Application of Nitroglycerin as an Explosive

  • Nitroglycerin (C3H5N3O9) is a powerful explosive used in mining, construction, and military applications.
  • It releases a large amount of energy upon detonation due to the decomposition of nitroglycerin into gases.
  • The controlled use of nitroglycerin in dynamite and other explosives makes it an essential compound in the industry.
  • Nitroglycerin is highly sensitive and requires careful handling and storage due to its instability.
  • Example: The decomposition reaction of nitroglycerin can be represented as 4C3H5N3O9 → 6N2 + 12CO2 + 10H2O + O2 + energy.
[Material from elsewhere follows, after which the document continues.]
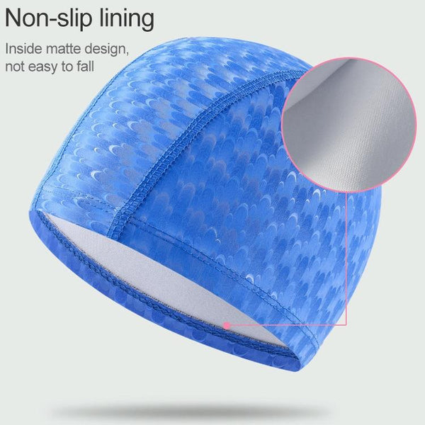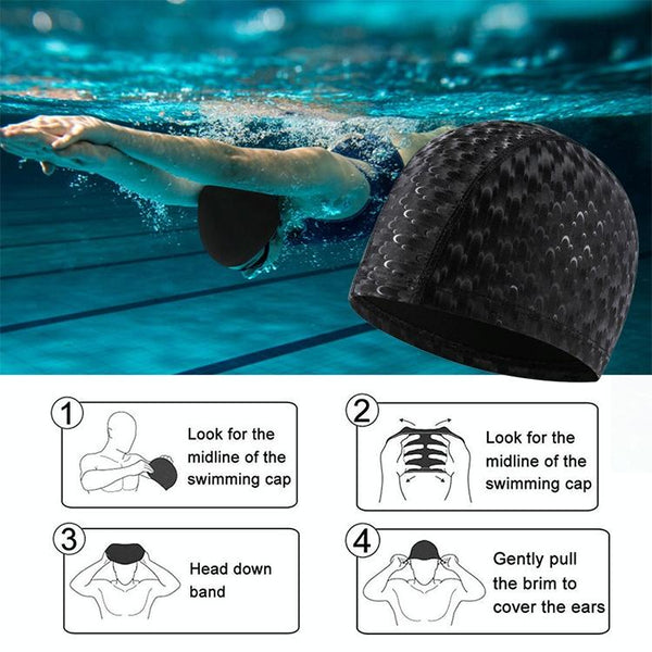 3. Professional PU swimming cap, high elastic skin, long hair available

Synthesis of Nitriles through Nitrile Hydrolysis

  • Nitriles can be hydrolyzed to form carboxylic acids in the presence of an acid or a base.
  • The reaction involves the cleavage of the carbon-nitrogen triple bond, resulting in the formation of a carboxyl group (-COOH).
  • Nitrile hydrolysis is an important step in the synthesis of pharmaceuticals, organic acids, and polymers.
  • The choice of acid or base used in the hydrolysis determines the yield and selectivity of the reaction.
  • Example: Acetonitrile can be hydrolyzed to form acetic acid (CH3COOH) in the presence of an acid or a base.

Biological Toxicity of Cyanide Compounds

  • Cyanide compounds are highly toxic to living organisms, including humans.
  • They interfere with cellular respiration by inhibiting the enzymes involved in the electron transport chain.
  • Cyanide poisoning can lead to symptoms such as dizziness, headache, nausea, and, in severe cases, respiratory failure and death.
  • However, cyanide compounds can also be used for therapeutic purposes, such as in cancer treatments.
  • Cyanide poisoning requires immediate medical attention and specific antidotes like hydroxocobalamin or sodium thiosulfate.
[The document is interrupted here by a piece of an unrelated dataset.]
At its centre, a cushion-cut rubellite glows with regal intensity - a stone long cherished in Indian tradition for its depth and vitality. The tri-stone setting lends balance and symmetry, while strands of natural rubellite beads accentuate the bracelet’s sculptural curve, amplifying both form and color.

Uses of Nitriles in Pharmaceutical Industry

  • Nitriles find significant use in the pharmaceutical industry.
  • They serve as intermediates in the synthesis of various drugs, particularly those targeting the central nervous system and cardiovascular system.
  • Nitriles can be transformed into amides or amines, which are crucial components of many medications.
  • Nitriles are utilized in the development of inhibitors for enzymes involved in diseases like hypertension and diabetes.
  • Example: Acetonitrile can be converted into valsartan, a widely used antihypertensive drug.
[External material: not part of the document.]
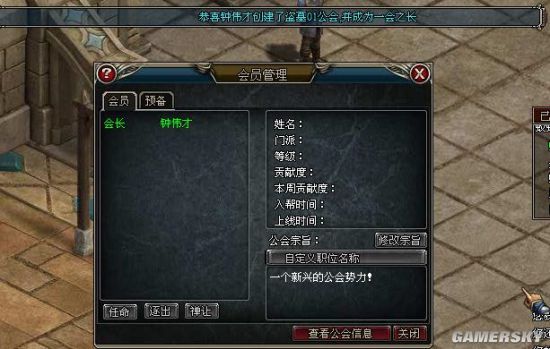 在填写完公会名称和公会宗旨后,花费25金钱,就可以创建公会。

Environmental Concerns with Nitro Compounds and Cyanides

  • Nitro compounds and cyanides pose environmental concerns due to their toxicity and persistence in the environment.
  • Uncontrolled release of nitro compounds can contribute to soil and water pollution, impacting ecosystems and human health.
  • Cyanide compounds can contaminate water bodies through industrial waste or mining activities, causing severe harm to aquatic life.
  • Proper waste management, treatment methods, and regulation are essential to minimize the environmental impact of these compounds.
  • Researchers are actively working towards developing greener and safer alternatives to mitigate the environmental risks associated with these compounds.